_Aim of the task:_
Without the images, print all the entries below exactly as given.

_Supplied information:_
+ + + + + + +
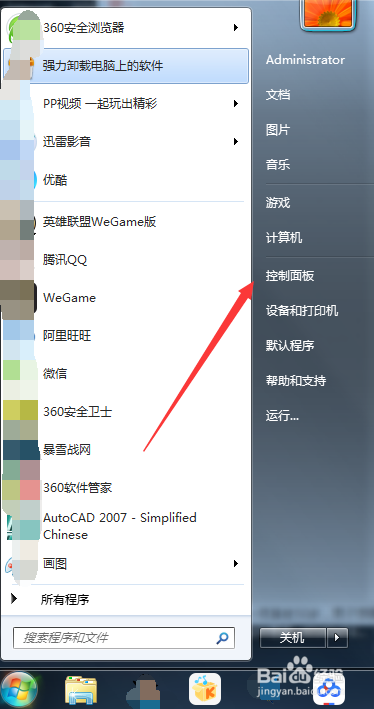 首先我们点击桌面左下角的“起头”菜单,找到并点击“节制面板”选项,如图所示;
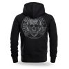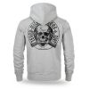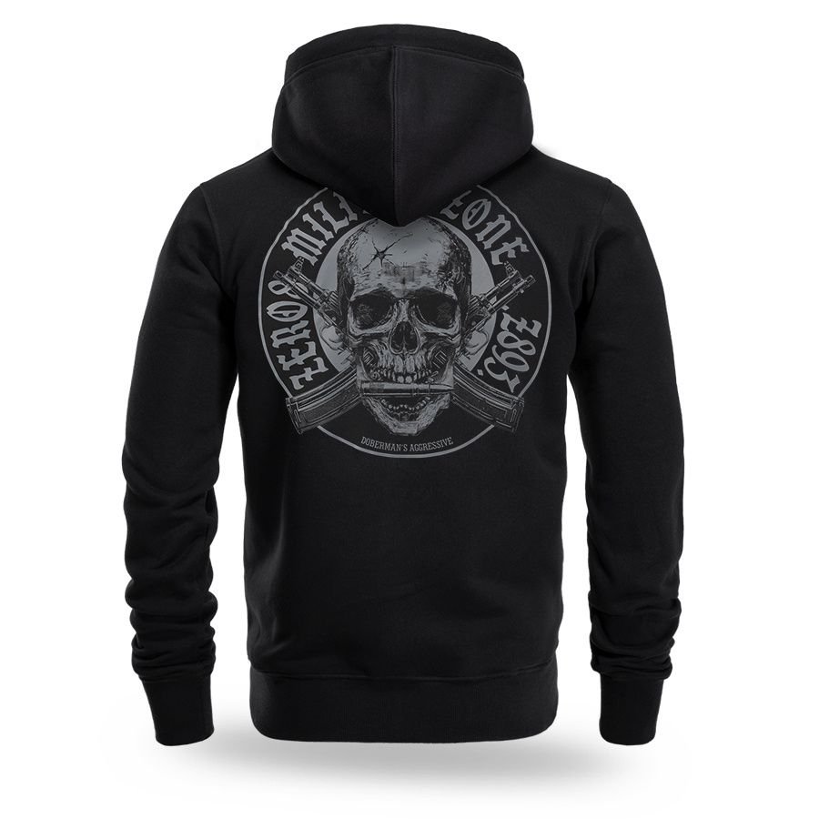 Model made in a comfortable, classic cut with an adjustable hood featuring drawstrings and a full-length zipper closure. The back features a large, bold graphic depicting a skull with crossed rifles, surrounded by the inscription “Frontline Military Zone 1987”. The motif is inspired by military aesthetics and emphasizes the raw and determined character of the design. A smaller print referencing the back graphic is placed on the chest, completing the overall composition. The hoodie features two practical front pockets and elastic ribbed cuffs and hem, ensuring a good fit and everyday comfort.
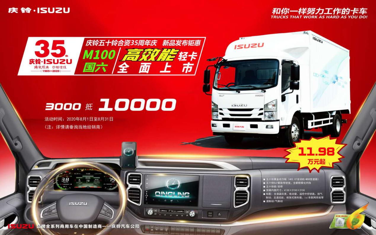 不仅如此,在庆铃与五十铃合作35周年庆典之际,为感恩用户多年的支持与陪伴,8月期间凡购买庆铃五十铃M100轻卡的用户即可享受“3000抵10000元”的超值礼包,仅需11.98万元起这款世界水准的高效能轻卡就可开回家。
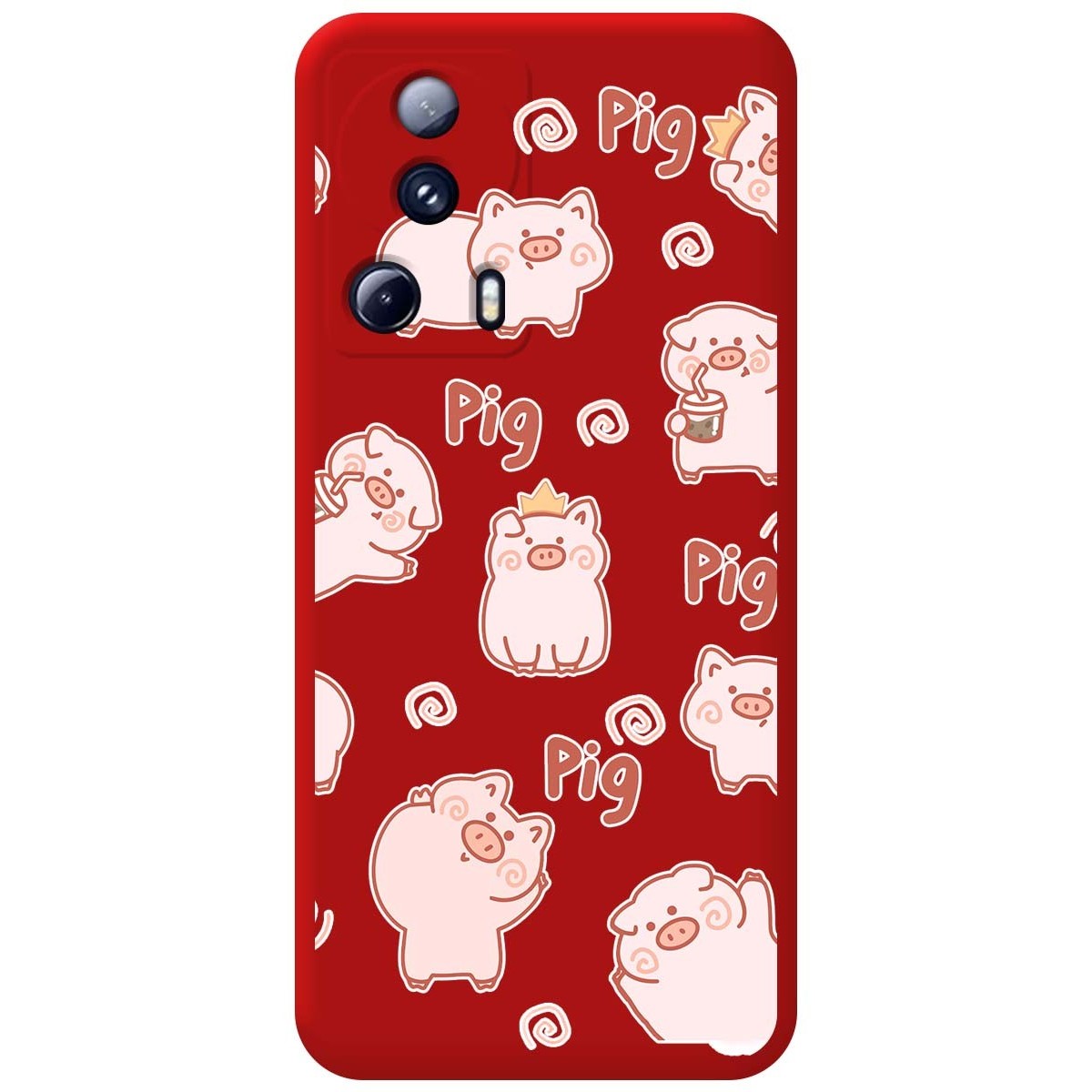 Funda Silicona Líquida Roja compatible con Xiaomi 13 Lite 5G diseño Cerdos Dibujos
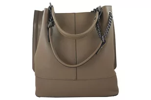 Wnętrze torebki: zamszowa komora główna torebki podzielona jest na pół dużą i pojemną zasuwaną kieszenią. Modna torebka skórzana damska jest zasuwana, posiada ciemne metalowe okucia, dwa uchwyty (skóra naturalna i łańcuszek) bez możliwości regulacji (długość 54cm, wysokość 21cm) oraz metalowe stopki na spodzie chroniące przed otarciem.
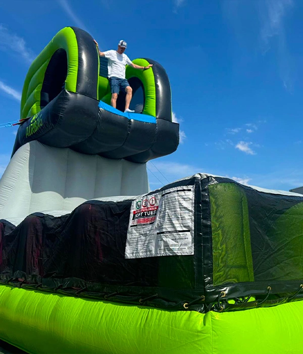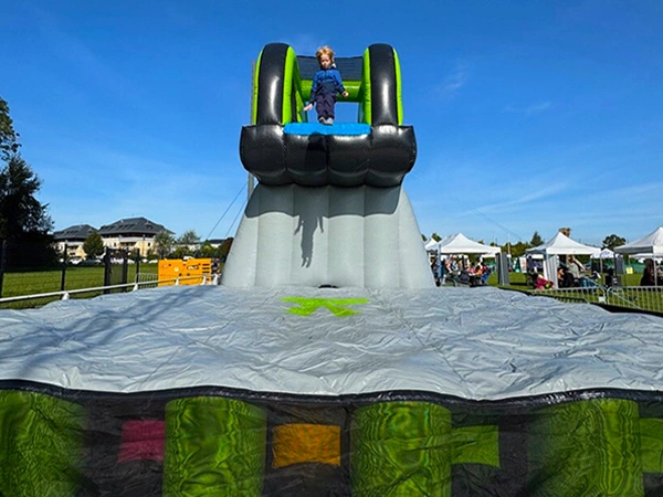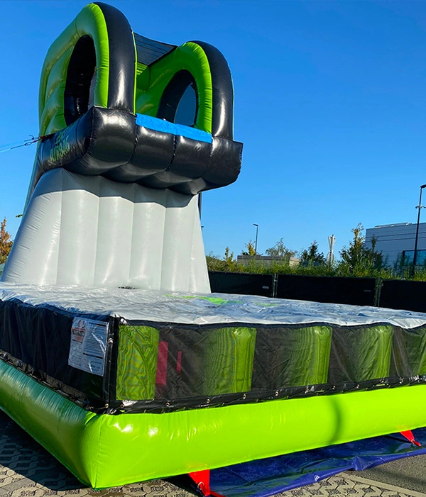 Lorsque l’on grimpe le toboggan gonflable, l’excitation nous envahie puis une fois sur le point culminant de la structure, l’adrénaline nous pousse à nous envoler.
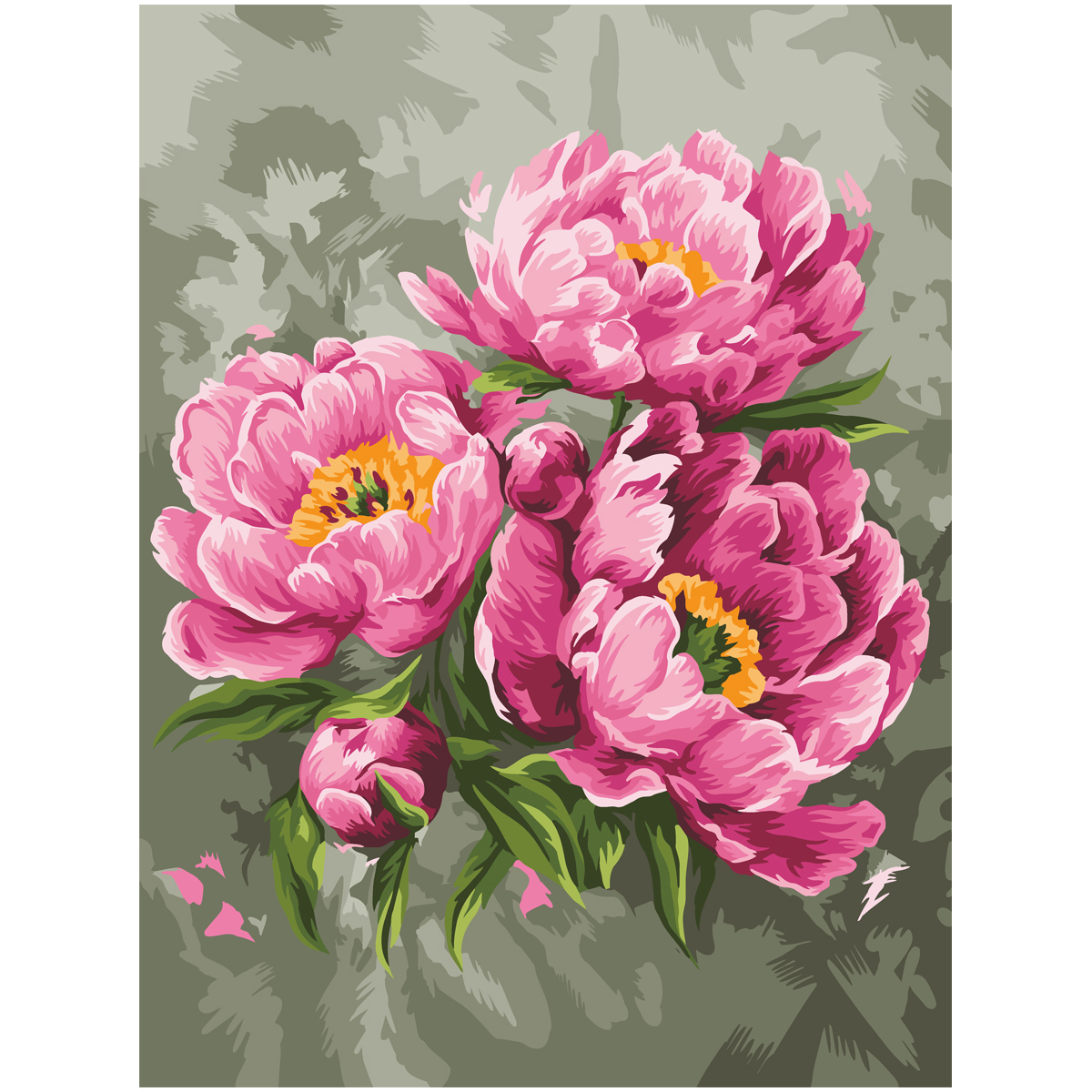 Картина по номерам на картоне ТРИ СОВЫ "Розовые пионы", 30*40, с акриловыми красками и кистями
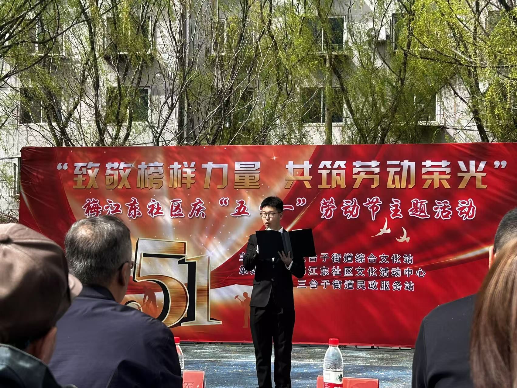 为庆祝五一国际劳动节,弘扬劳动精神,深化校地共建,4月24日下午,beat365官方网站党委组织师生党员代表走进梅江东社区,参与"致敬榜样力量 共筑劳动荣光"惠民文艺演出活动。学院师生通过主持、学生代表发言、舞蹈等多元形式,为社区居民送上节日祝福,展现新时代党员服务群众、奉献社会的精神风貌。
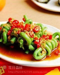 鲍汁豇豆如意卷,是从湖北家常菜姜汁拌豇豆改良而来的,将整条豇豆用水焯熟后挽成结,再浇上用姜末、鲍鱼汁、小米椒烧制而成的味汁即可,这样漂亮精致的小菜,即使在平时家宴上端出来也十分合适。关键是利用水煮后再浇汁的烹调方法,清爽可口还少油,是一道减肥的好菜!
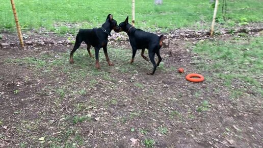 Как знакомятся кобели доберманы
+ + + + + + +
_Answer space:_
 首先我们点击桌面左下角的“起头”菜单,找到并点击“节制面板”选项,如图所示;
 Model made in a comfortable, classic cut with an adjustable hood featuring drawstrings and a full-length zipper closure. The back features a large, bold graphic depicting a skull with crossed rifles, surrounded by the inscription “Frontline Military Zone 1987”. The motif is inspired by military aesthetics and emphasizes the raw and determined character of the design. A smaller print referencing the back graphic is placed on the chest, completing the overall composition. The hoodie features two practical front pockets and elastic ribbed cuffs and hem, ensuring a good fit and everyday comfort.
 不仅如此,在庆铃与五十铃合作35周年庆典之际,为感恩用户多年的支持与陪伴,8月期间凡购买庆铃五十铃M100轻卡的用户即可享受“3000抵10000元”的超值礼包,仅需11.98万元起这款世界水准的高效能轻卡就可开回家。
 Funda Silicona Líquida Roja compatible con Xiaomi 13 Lite 5G diseño Cerdos Dibujos
 Wnętrze torebki: zamszowa komora główna torebki podzielona jest na pół dużą i pojemną zasuwaną kieszenią. Modna torebka skórzana damska jest zasuwana, posiada ciemne metalowe okucia, dwa uchwyty (skóra naturalna i łańcuszek) bez możliwości regulacji (długość 54cm, wysokość 21cm) oraz metalowe stopki na spodzie chroniące przed otarciem.
 Lorsque l’on grimpe le toboggan gonflable, l’excitation nous envahie puis une fois sur le point culminant de la structure, l’adrénaline nous pousse à nous envoler.
 Картина по номерам на картоне ТРИ СОВЫ "Розовые пионы", 30*40, с акриловыми красками и кистями
 为庆祝五一国际劳动节,弘扬劳动精神,深化校地共建,4月24日下午,beat365官方网站党委组织师生党员代表走进梅江东社区,参与"致敬榜样力量 共筑劳动荣光"惠民文艺演出活动。学院师生通过主持、学生代表发言、舞蹈等多元形式,为社区居民送上节日祝福,展现新时代党员服务群众、奉献社会的精神风貌。
 鲍汁豇豆如意卷,是从湖北家常菜姜汁拌豇豆改良而来的,将整条豇豆用水焯熟后挽成结,再浇上用姜末、鲍鱼汁、小米椒烧制而成的味汁即可,这样漂亮精致的小菜,即使在平时家宴上端出来也十分合适。关键是利用水煮后再浇汁的烹调方法,清爽可口还少油,是一道减肥的好菜!
 Как знакомятся кобели доберманы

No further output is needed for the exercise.